Dataset entries:
_ _ _ _ _ _ _

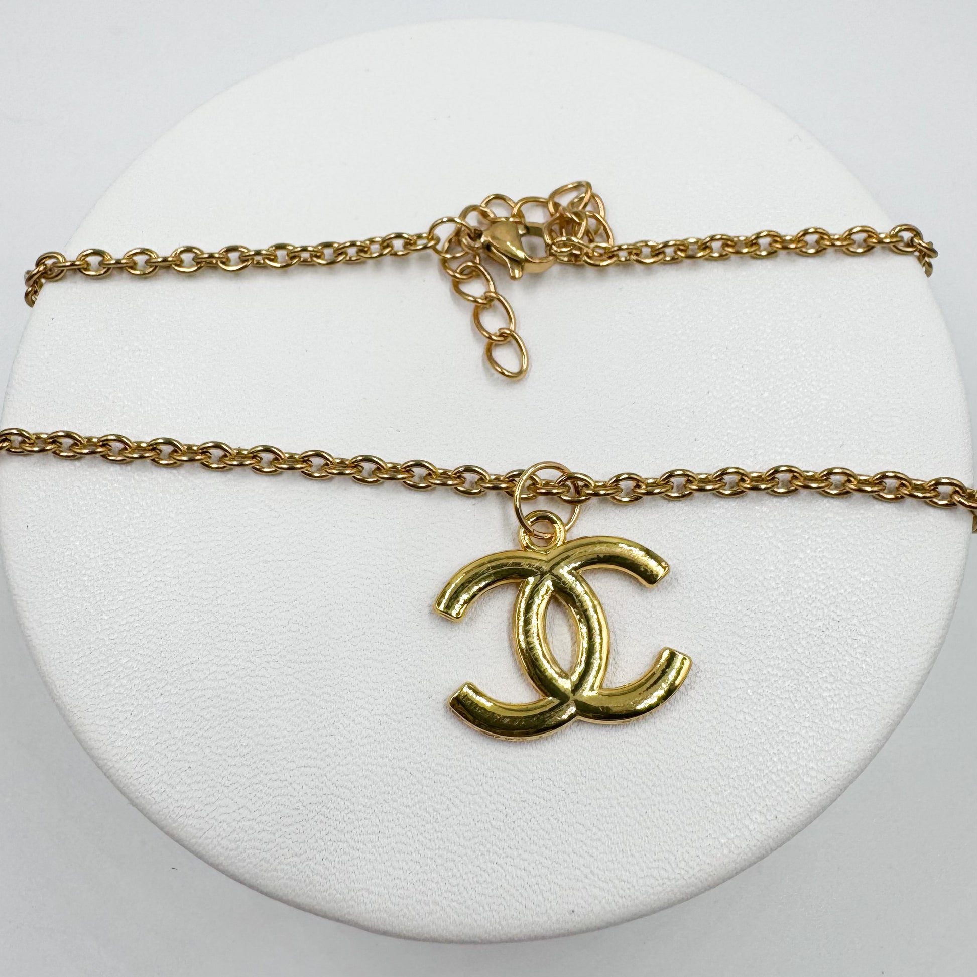 Logo de 2 cm monté en collier sur une chaîne en acier inoxydable de 45 + 5 cm.
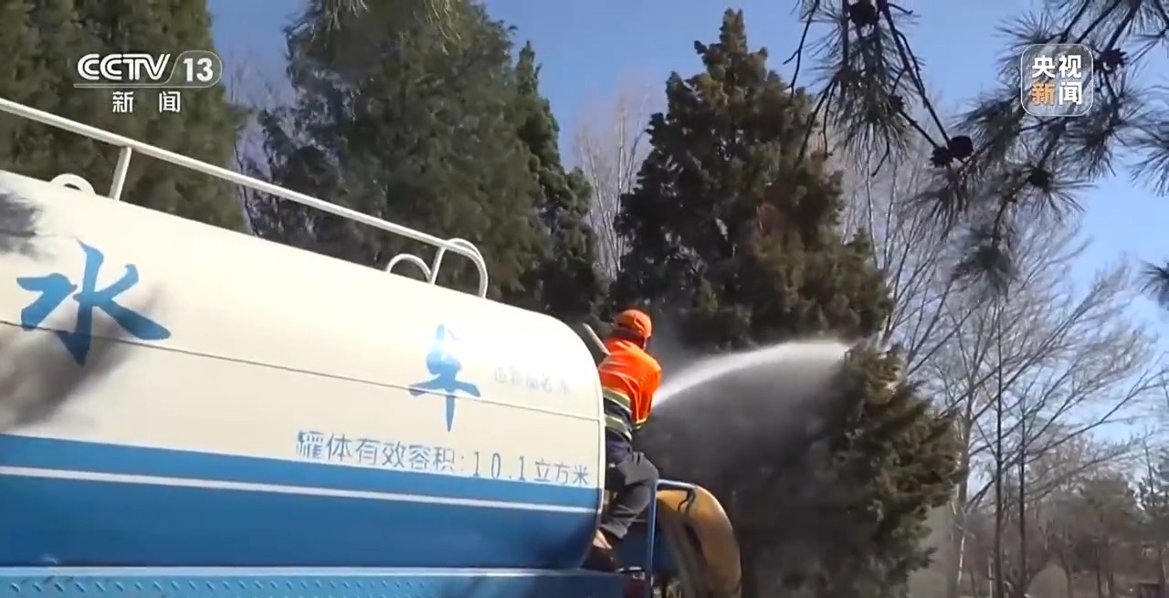 花粉爆发下,天坛公园里的花粉“捕手”也开始行动,他们主要捕获方式是喷水枪,靠水珠“逮捕”四处飞扬的花粉。
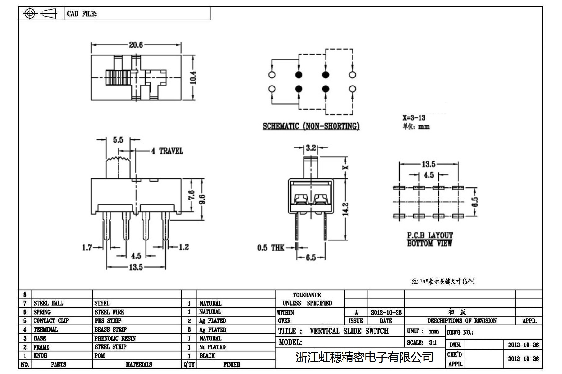Verticaltoggle switch side dial/ Vertical slide switch technical indicators
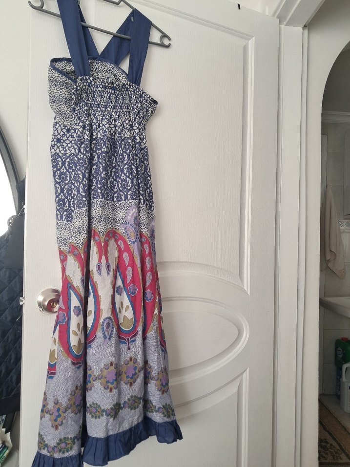 Kolsuz, straplez yaka ve bol kesime sahip bohem elbise. Tekstil kumaştan, çok renkli tie-dye desenli ve gri ağırlıklı. Günlük kullanıma uygun.
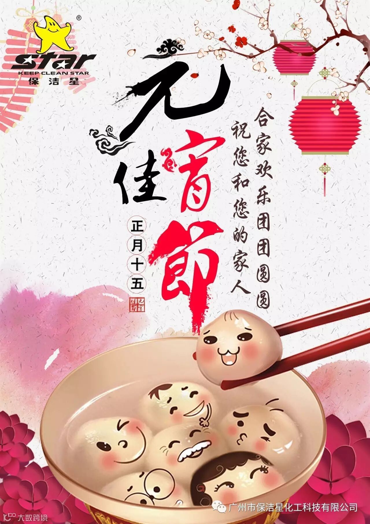 广州市保洁星科技发展有限公司喜迎元宵,早送祝愿:心圆梦圆,万事皆圆;人缘爱缘,缘缘美满;财源福源,左右逢源;友缘情缘,永不间断。保洁星全体成员祝您元宵佳节快乐无边,幸福无限!
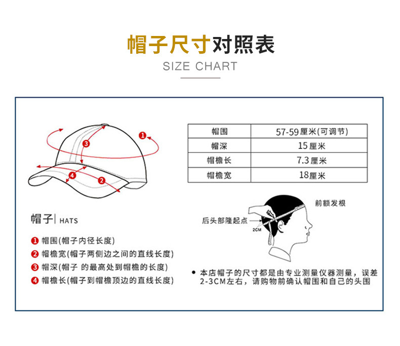 产品尺寸帽檐长7.3cm重 量100g
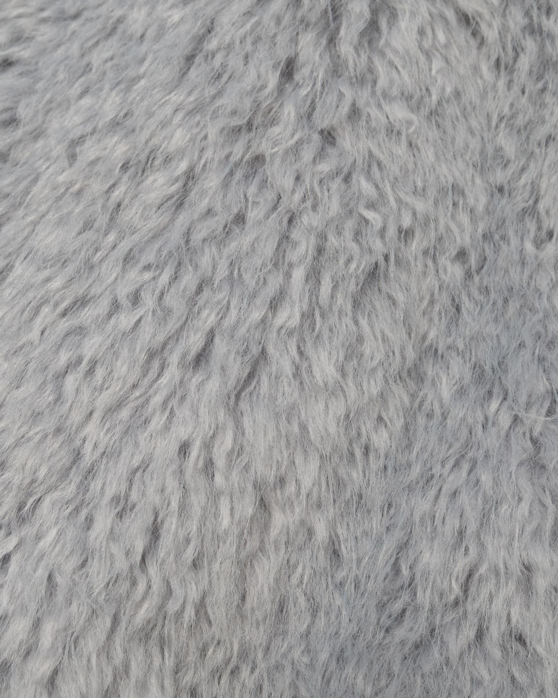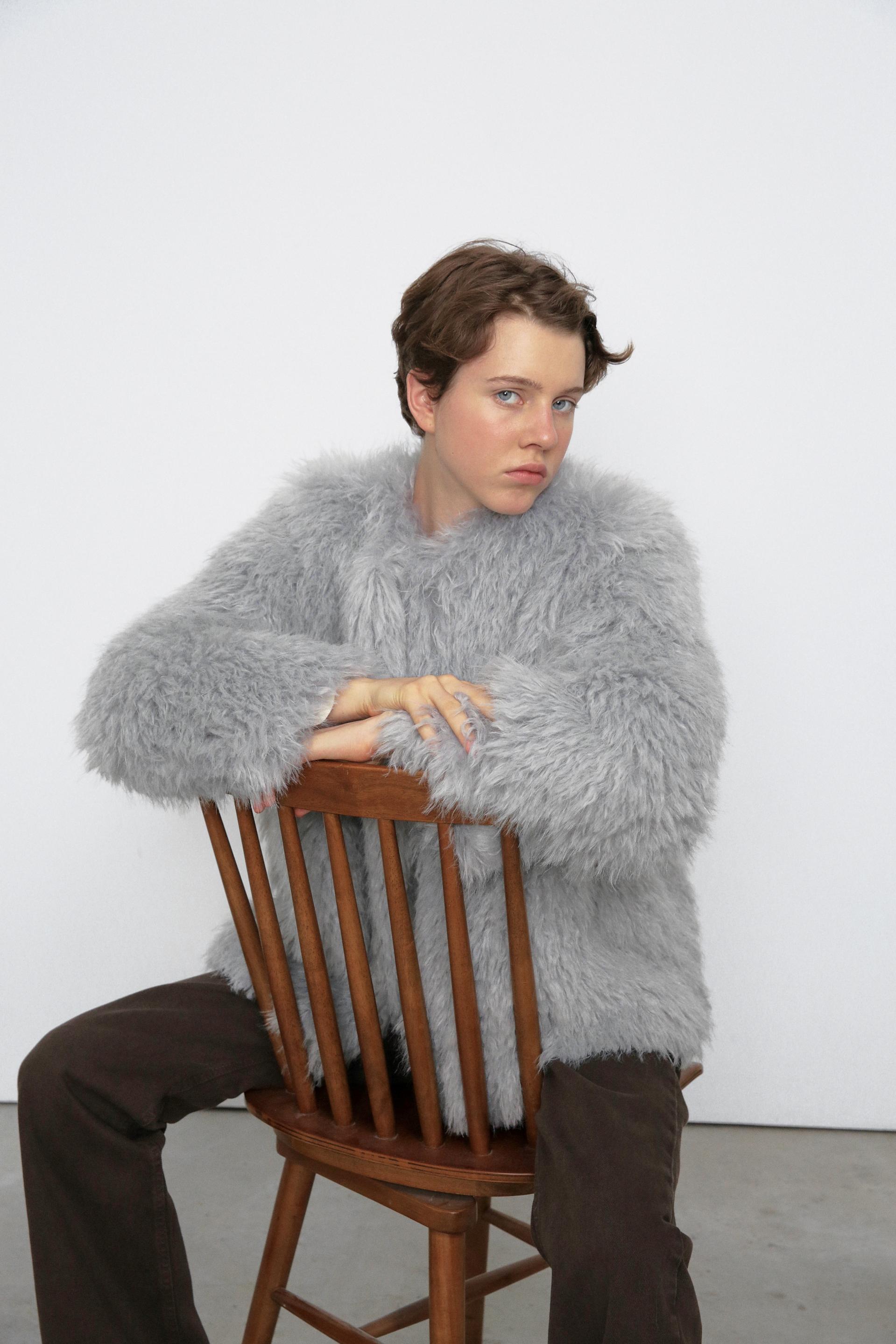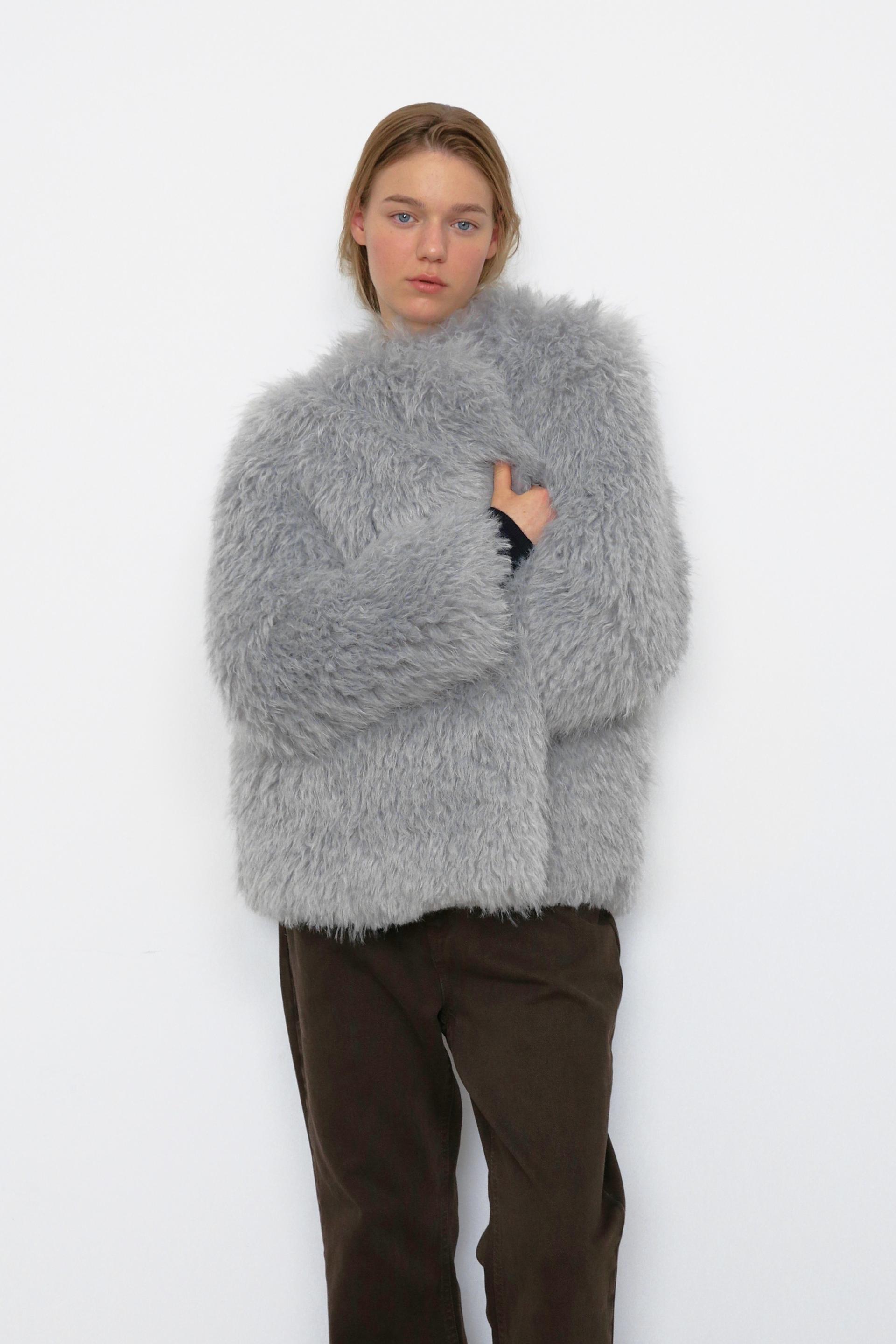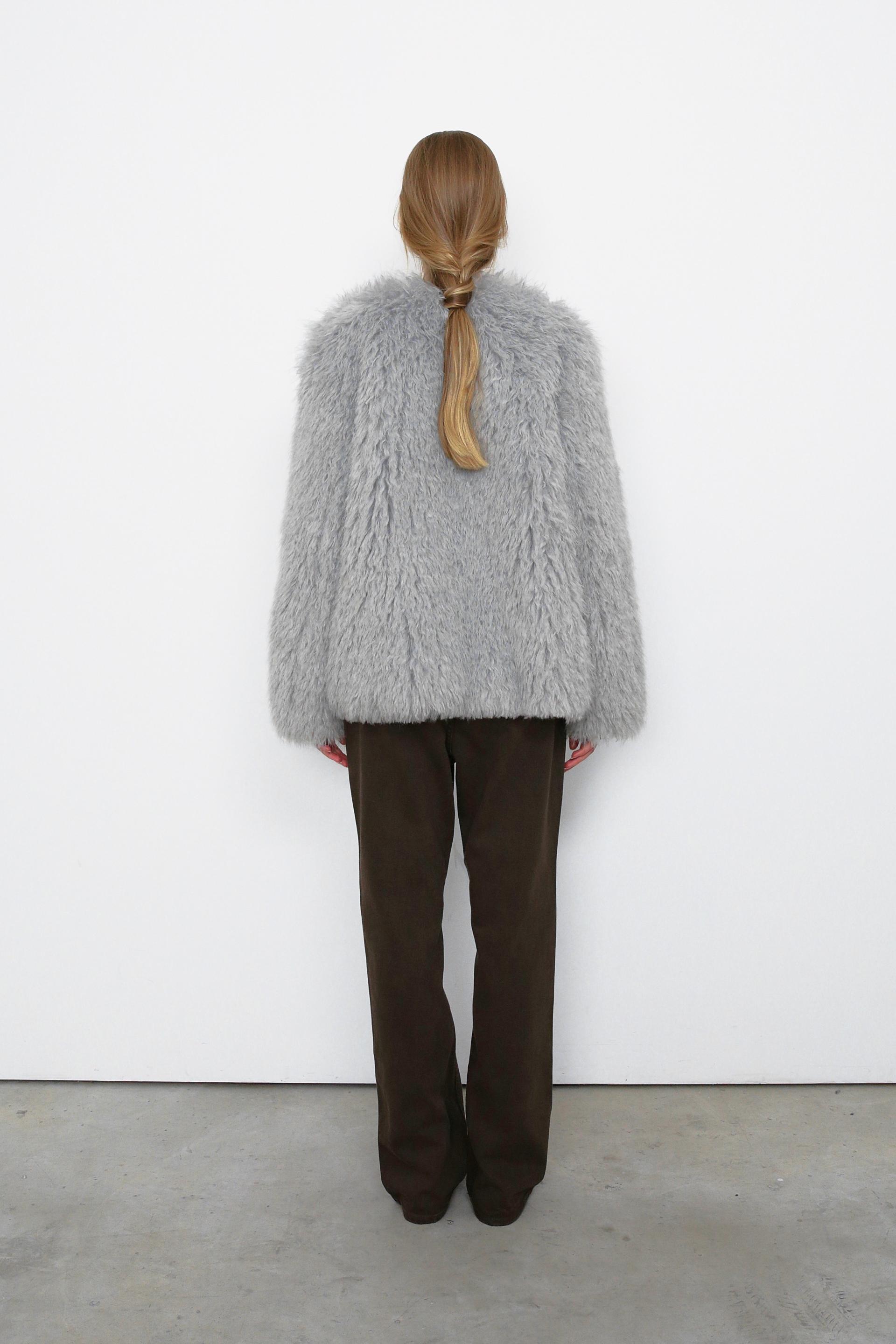 This faux fur half coat features a subtle, sophisticated ash grey color that adds a unique charm to any outfit.

_ _ _ _ _ _ _

Output each record exactly as it appears, but not the pictures.

Task solution:
 Logo de 2 cm monté en collier sur une chaîne en acier inoxydable de 45 + 5 cm.
 花粉爆发下,天坛公园里的花粉“捕手”也开始行动,他们主要捕获方式是喷水枪,靠水珠“逮捕”四处飞扬的花粉。
Verticaltoggle switch side dial/ Vertical slide switch technical indicators
 Kolsuz, straplez yaka ve bol kesime sahip bohem elbise. Tekstil kumaştan, çok renkli tie-dye desenli ve gri ağırlıklı. Günlük kullanıma uygun.
 广州市保洁星科技发展有限公司喜迎元宵,早送祝愿:心圆梦圆,万事皆圆;人缘爱缘,缘缘美满;财源福源,左右逢源;友缘情缘,永不间断。保洁星全体成员祝您元宵佳节快乐无边,幸福无限!
 产品尺寸帽檐长7.3cm重 量100g
 This faux fur half coat features a subtle, sophisticated ash grey color that adds a unique charm to any outfit.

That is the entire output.